Arkansas College of Osteopathic Medicine
- Motto: Aletheuo, Epignosis, Therapeia "To be truthful, knowledgeable, and caring"
- Type: Private medical school
- Established: 2017
- Dean: Shannon Jimenez
- Students: 600
- Location: Fort Smith, Arkansas, United States 35°18′29″N 94°19′38″W﻿ / ﻿35.3080°N 94.3273°W
- Campus: Rural, 542 acres (219 ha);
- Website: arcom.achehealth.edu

= Arkansas College of Osteopathic Medicine =

Private medical school in Fort Smith, Arkansas

The Arkansas College of Osteopathic Medicine (ARCOM) is a private medical school in Fort Smith, Arkansas. It is the founding program of the Arkansas Colleges of Health Education and is accredited by the Commission on Osteopathic College Accreditation.

==History==
The school opened its doors to its inaugural class of 150 students in August 2017. The first class graduated in May 2021 with a Doctor of Osteopathic Medicine degree.

==Campus==
The campus of ARCOM is located on 542 acres in Fort Smith, Arkansas.
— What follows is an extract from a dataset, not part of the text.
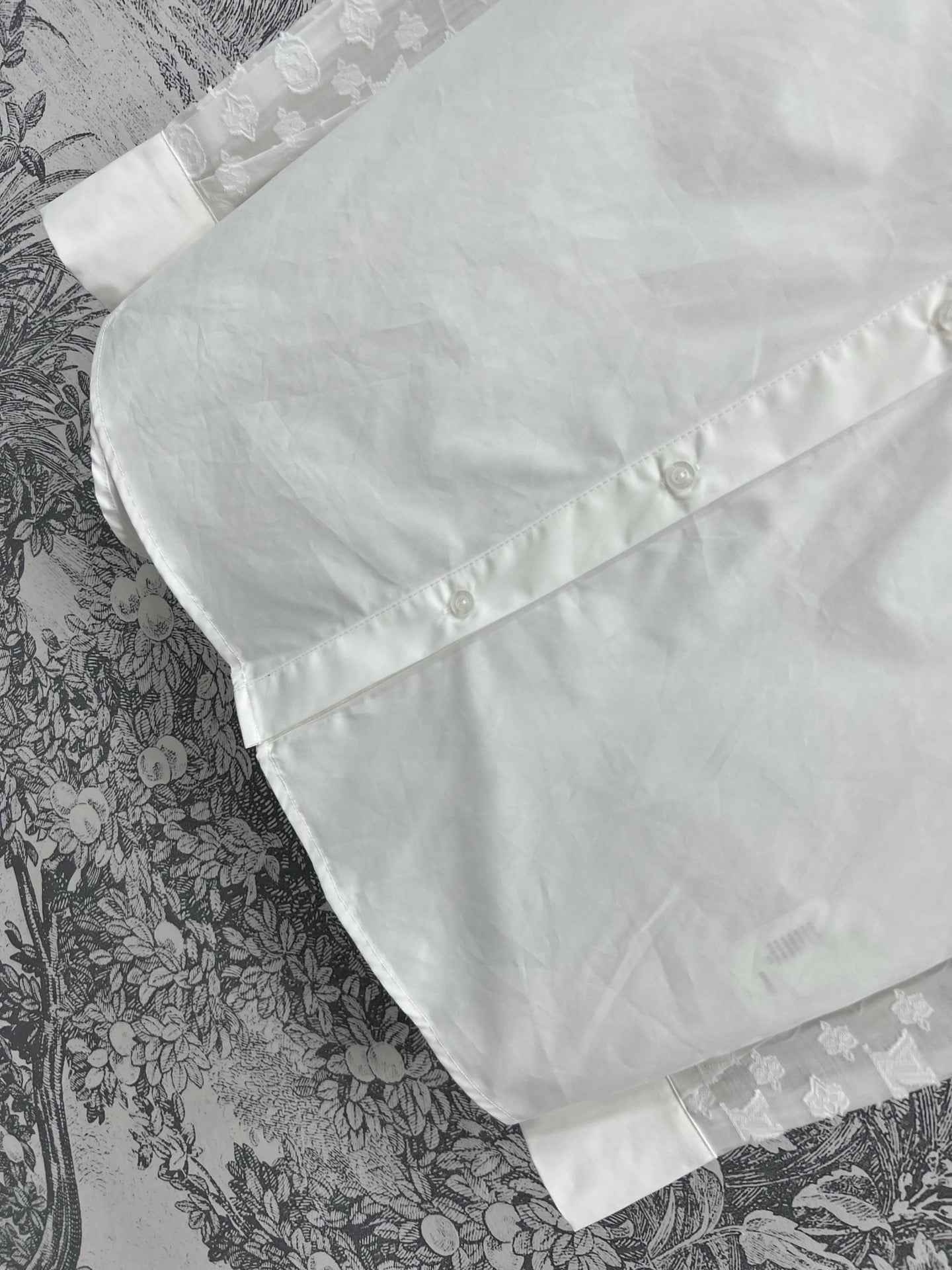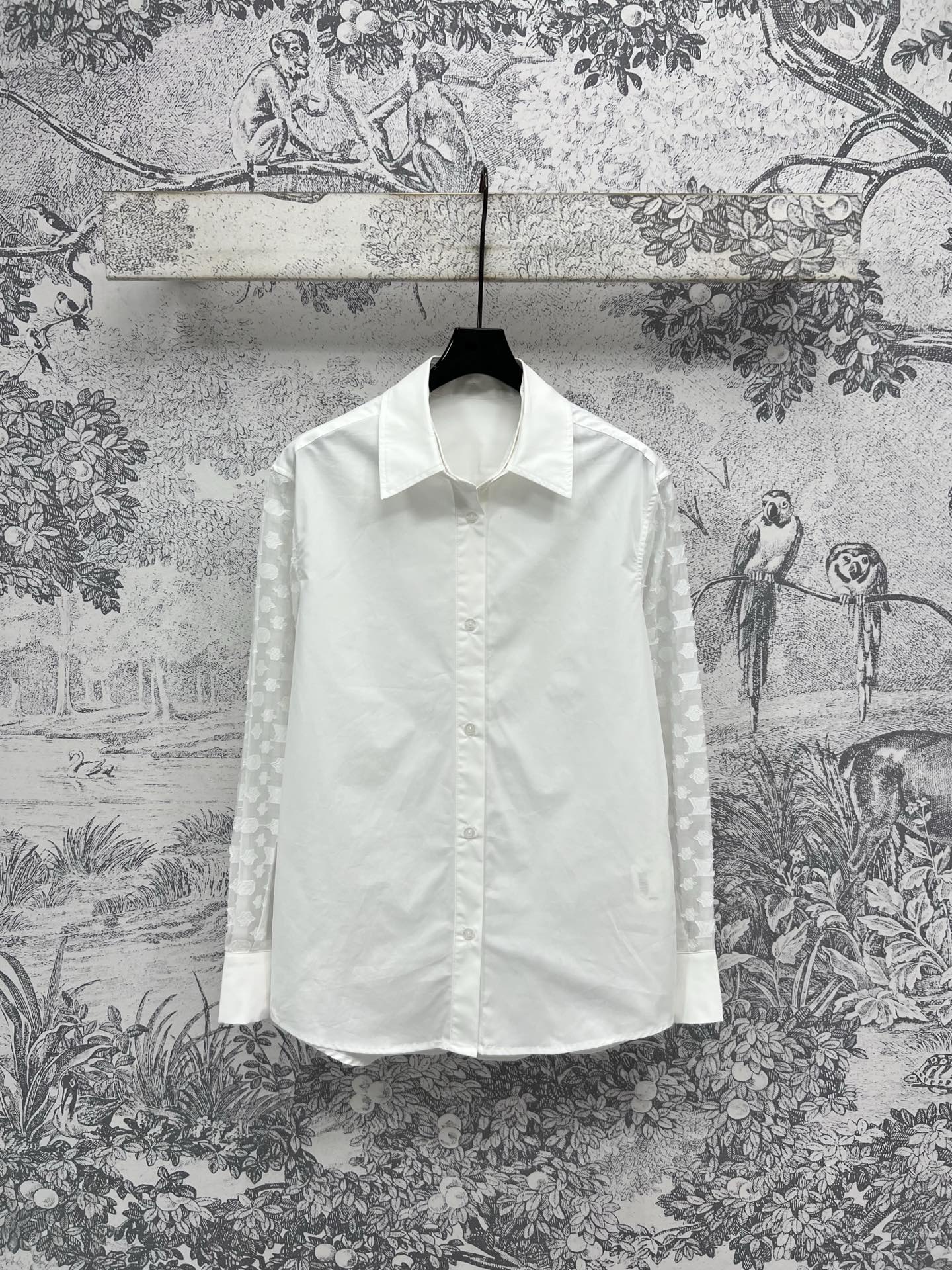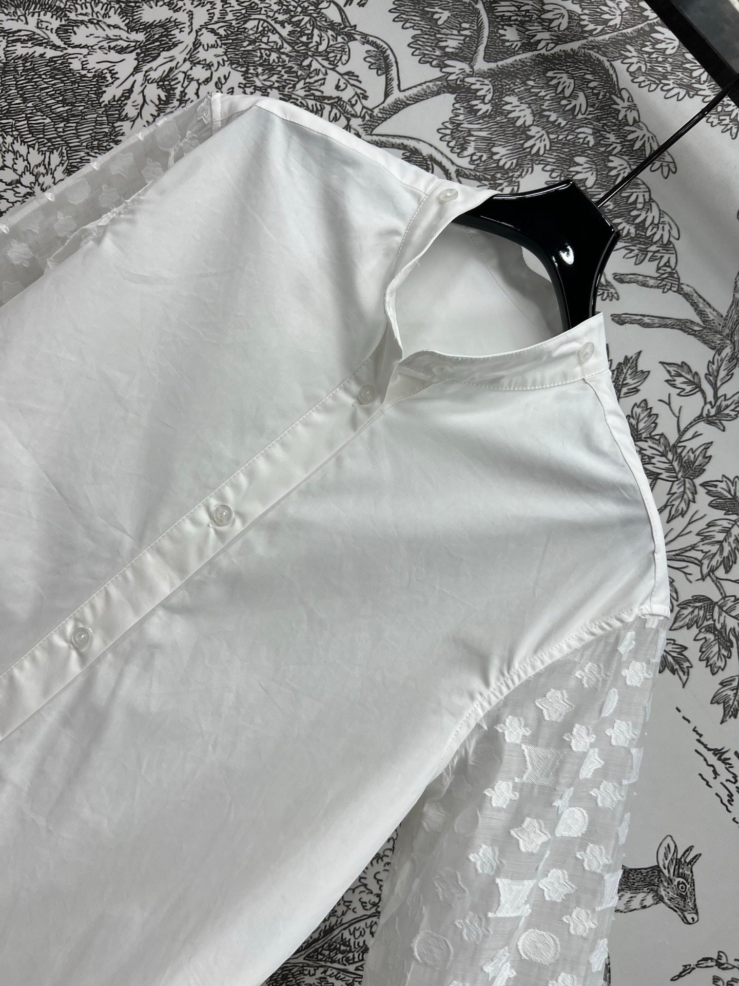 LV 25 Splicing Perspective Jacquard Monogram Sleeve Shirt White Cotton

The main building, a three-story 102,000 ft.² facility, began construction in March 2015, with construction costs estimated at $32.4 million. The ACHE campus has grown to include student housing, restaurants, retail, fitness center, and a 12-acre park with a playground and walking trail. Future growth includes more student housing, a grocery store, and a daycare center.

==Academics==
ARCOM confers the Doctor of Osteopathic Medicine degree.